I don’t know if PNC is getting a good or bad deal, but this takeover provides no support for share prices of other troubled banks. At least from this example, the Treasury is not going to allow owners of those banks to be very well treated.
12:45 p.m. Slipping Back: European markets closed well above their lows, but now the American market is slipping back, with both the Dow and the S.&P, down 4 percent for the day.
It is good to know that some officials have time to worry about other things. Nicolas Sarkozy, the French president, has asked a court to enforce “the president’s exclusive right to his image,” Bloomberg News reports.
The president wants a company to stop selling voodoo kits complete with a Sarkozy doll and needles. “The unauthorized use of his image on a voodoo doll destined to be pricked with pins cannot be justified,” says Mr. Sarkozy’s lawyer.
If the president wins the suit, the company will have an inventory of voodoo dolls it cannot sell in France. If it decided to export them to this country, they would have to be revamped since Mr. Sarkozy is not that well known (or despised) here.
Let’s give the company some help. Whose image would you most like to see on a voodoo doll?
11:42 a.m. Growls from the Bear Cave: The Jerome Levy Forecasting Center at Bard College, when Hy Minsky used to teach, has been among the most worried — and therefore, most accurate — forecasters over the past several years.
They are out with a new forecast, which is a combination of “told ya” and “you ain’t seen nothing yet.”
Excerpts:
Our view of the next 12 months no longer appears to be unconventional, at least not on the surface. Now everybody thinks the economy is in a recession, and many think it will be long and severe. People make comparisons to the 1930s all the time. Everyone thinks consumer spending is in big trouble. Lots of people think the Fed will ease. Financial instability, a theme we harped on ad nauseam during the past three years, is now the primary economic topic of discussion.
Still, conventional wisdom leaves out much that is important about the economic situation, and it encompasses much that is wrong. . . .
Most investors, businesses, and analysts, despite their deep pessimism about the consumer outlook, will be surprised by the length and severity of the consumer pullback.
The public is starting to discover the seriousness of the state and local fiscal position, but the magnitude and fallout of the developing nonfederal government crisis will prove shocking.
Many fear that the present financial mess is setting the stage for surging Treasury yields, and most will be surprised by how low yields will fall. . . .
House prices will probably fall another 20%. . . .
The emerging market sector of the global economy is facing more than a financial crisis; it is facing a depression, which unfortunately is likely to be uncontained and severe in many countries. . . .

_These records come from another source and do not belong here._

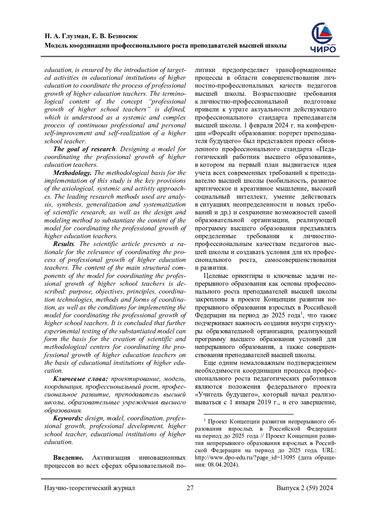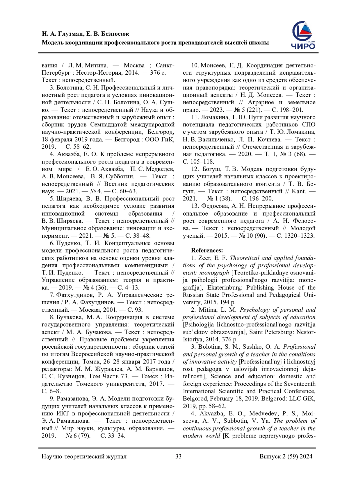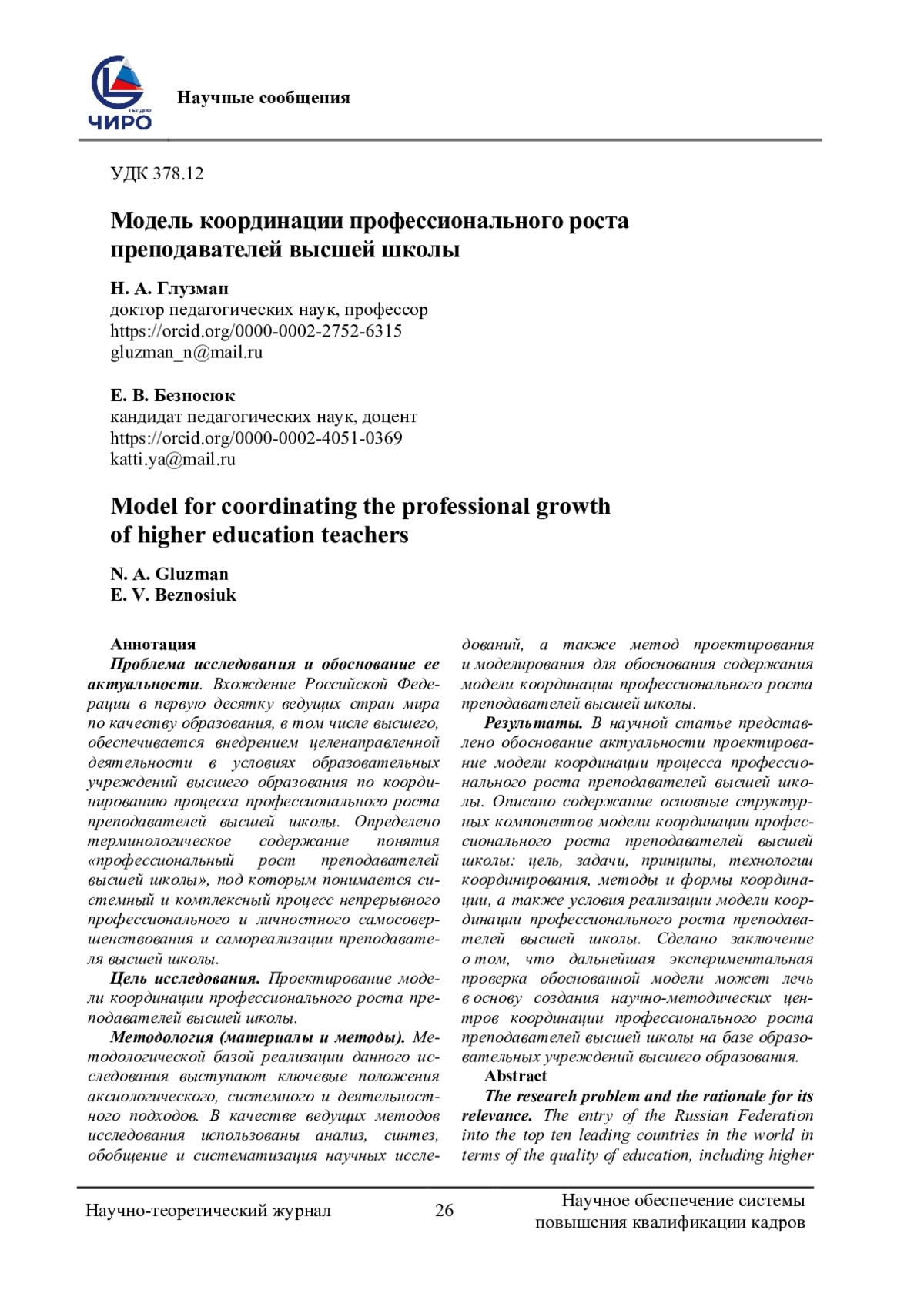 ГЛУЗМАН Н. А., БЕЗНОСЮК Е. В. МОДЕЛЬ КООРДИНАЦИИ ПРОФЕССИОНАЛЬНОГО РОСТА ПРЕПОДАВАТЕЛЕЙ ВЫСШЕЙ ШКОЛЫ // НАУЧНОЕ ОБЕСПЕЧЕНИЕ СИСТЕМЫ ПОВЫШЕНИЯ КВАЛИФИКАЦИИ КАДРОВ. 2024. № 2 (59)
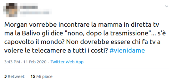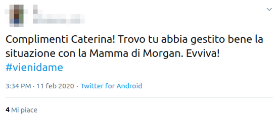 Una questione che diversi si pongono sul web, a partire da chi si domanda “Morgan vorrebbe incontrare la mamma in diretta tv ma la Balivo gli dice ‘nono, dopo la trasmissione’… s’è capovolto il mondo? Non dovrebbe essere chi fa tv a volere le telecamere a tutti i costi?”. Ma, sulla questione, c’è anche chi fa i complimenti alla conduttrice campana: “Complimenti Caterina! Trovo tu abbia gestito bene la situazione con la Mamma di Morgan. Evviva!”
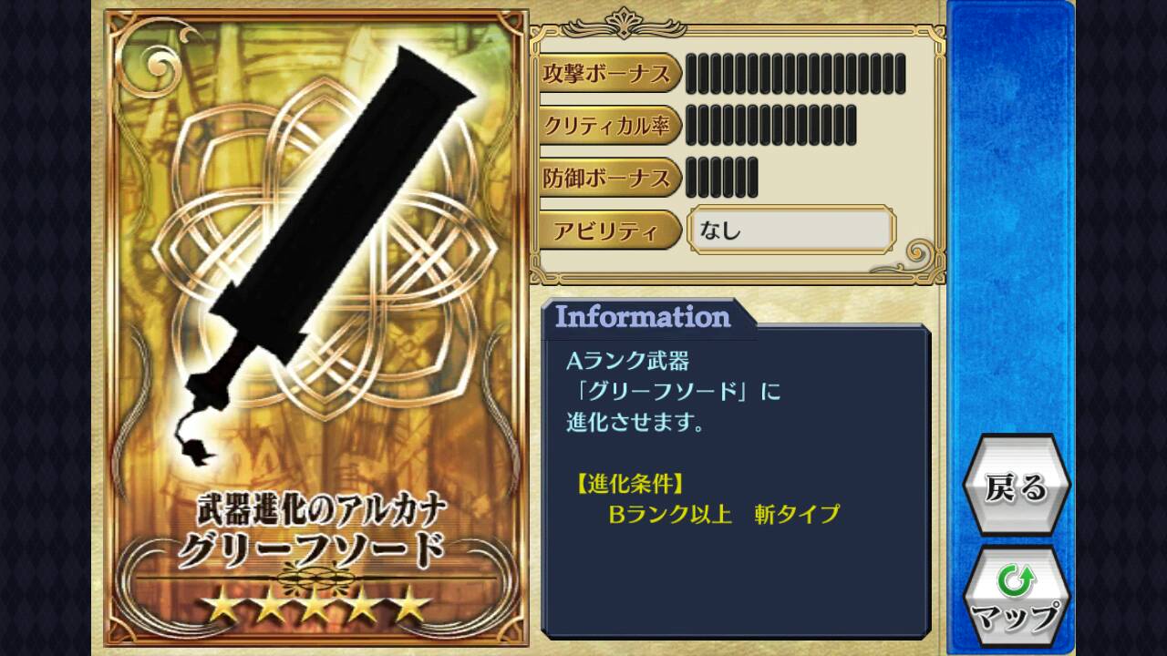 5. 武器可以煺化,由Rank A 进(?)化成 Rank B的。

Lending is not going to be fixed by recapitalizing banks. The underlying problem is not just that aggregate private loans are too large relative to bank capital; it is that they are too large relative to aggregate private income. Thus, the problem is with the borrowers, not just the lenders, and households need to lower their debt relative to income while corporations need to lower their debt relative to revenue. . .
Even if the recession does end before 2010, employment will continue to decline. It is likely to fall for another year or two as downsizing and restructuring persist. The unemployment rate is likely to reach 8.5% by the end of 2009 and will be near 10% before it reverses.

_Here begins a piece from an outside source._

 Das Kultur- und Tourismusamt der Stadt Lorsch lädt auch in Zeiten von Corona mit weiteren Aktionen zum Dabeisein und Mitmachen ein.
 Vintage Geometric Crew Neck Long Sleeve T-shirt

Let’s hope they are wrong this time.
11:42 a.m. Rally: The Dow is down less than 200 points for the day, which means it is up 300 points from the low.

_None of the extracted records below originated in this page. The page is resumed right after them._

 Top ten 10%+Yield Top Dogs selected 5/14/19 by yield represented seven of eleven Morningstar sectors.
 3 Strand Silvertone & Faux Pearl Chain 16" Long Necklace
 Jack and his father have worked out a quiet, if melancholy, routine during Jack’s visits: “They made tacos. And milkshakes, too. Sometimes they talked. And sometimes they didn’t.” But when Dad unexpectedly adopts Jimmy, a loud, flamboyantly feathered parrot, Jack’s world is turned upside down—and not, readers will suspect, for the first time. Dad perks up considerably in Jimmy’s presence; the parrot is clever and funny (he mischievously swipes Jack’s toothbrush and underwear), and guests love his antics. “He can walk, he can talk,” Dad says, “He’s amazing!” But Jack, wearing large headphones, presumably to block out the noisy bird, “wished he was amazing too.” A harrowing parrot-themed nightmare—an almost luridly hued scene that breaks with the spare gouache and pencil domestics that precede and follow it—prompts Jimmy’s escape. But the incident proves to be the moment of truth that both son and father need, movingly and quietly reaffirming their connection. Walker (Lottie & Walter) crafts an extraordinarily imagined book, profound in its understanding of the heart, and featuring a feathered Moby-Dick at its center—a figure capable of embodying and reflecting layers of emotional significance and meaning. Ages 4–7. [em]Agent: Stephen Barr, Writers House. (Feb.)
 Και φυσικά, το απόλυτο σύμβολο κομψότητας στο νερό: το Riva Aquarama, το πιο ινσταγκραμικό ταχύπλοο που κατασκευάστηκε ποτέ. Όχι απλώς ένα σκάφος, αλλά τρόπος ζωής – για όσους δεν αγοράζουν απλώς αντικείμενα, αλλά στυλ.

11:25 a.m. Winners and Losers: There are two companies in the S.&P. 100 that are up a bit today, EMC, the storage company, and MasterCard.
The bottom 10 in the group, all down 7 percent or more, are mostly energy or financial companies. (I haven’t mentioned today that oil is down despite OPEC’s promise to cut production. So is more or less every other commodity.)
They are, from the bottom up, AIG, National Oilwell, Schlumberger, Morgan Stanley, AES, Sprint Nextel, Merrill Lynch, United Health, ConocoPhillips and Weyerhauser.
11:15 a.m. Support?: Markets in Europe and the United States are off their lows, and there does not seem to be panic selling going on. American indexes are down around 4 percent, which is better than Europe or Asia.
11:05 a.m. Opacity and Worry: A reader asks the following in the comments below.
“How much further do we have to slide to unwind the derivatives market. Is this essentially the same as your comment on getting hedge funds out?
My reading says that the worse things get for the markets, the bigger the derivatives bubble keeps growing. If all the undercapitalized tranches, CDOs, CDSs, etc were called today, I understand that the bubble is over $500 trillion. I can’t imagine how we get out of that one unless there is a dramatic, unexpected turnaround for God knows what reason in valuations of these assets.”
Those are good questions, and I do not have good answers. The derivatives and hedge fund industries managed to keep so much out of public sight that we now can only guess.
The $500 trillion figure represents notional value, I assume. Such numbers are wildly overstated because many derivatives have maximum losses, or gains, far below the notional value.
Moreover, in the world of derivatives — unlike the worlds of stocks and bonds and C.D.O.’s — there are no net losses. Your loss is someone else’s profit. But with all the opacity, it is tempting to suspect that everyone is holding losses.
10:50 a.m. News from the Art World: Sotheby’s filed the following with the S.E.C. late yesterday.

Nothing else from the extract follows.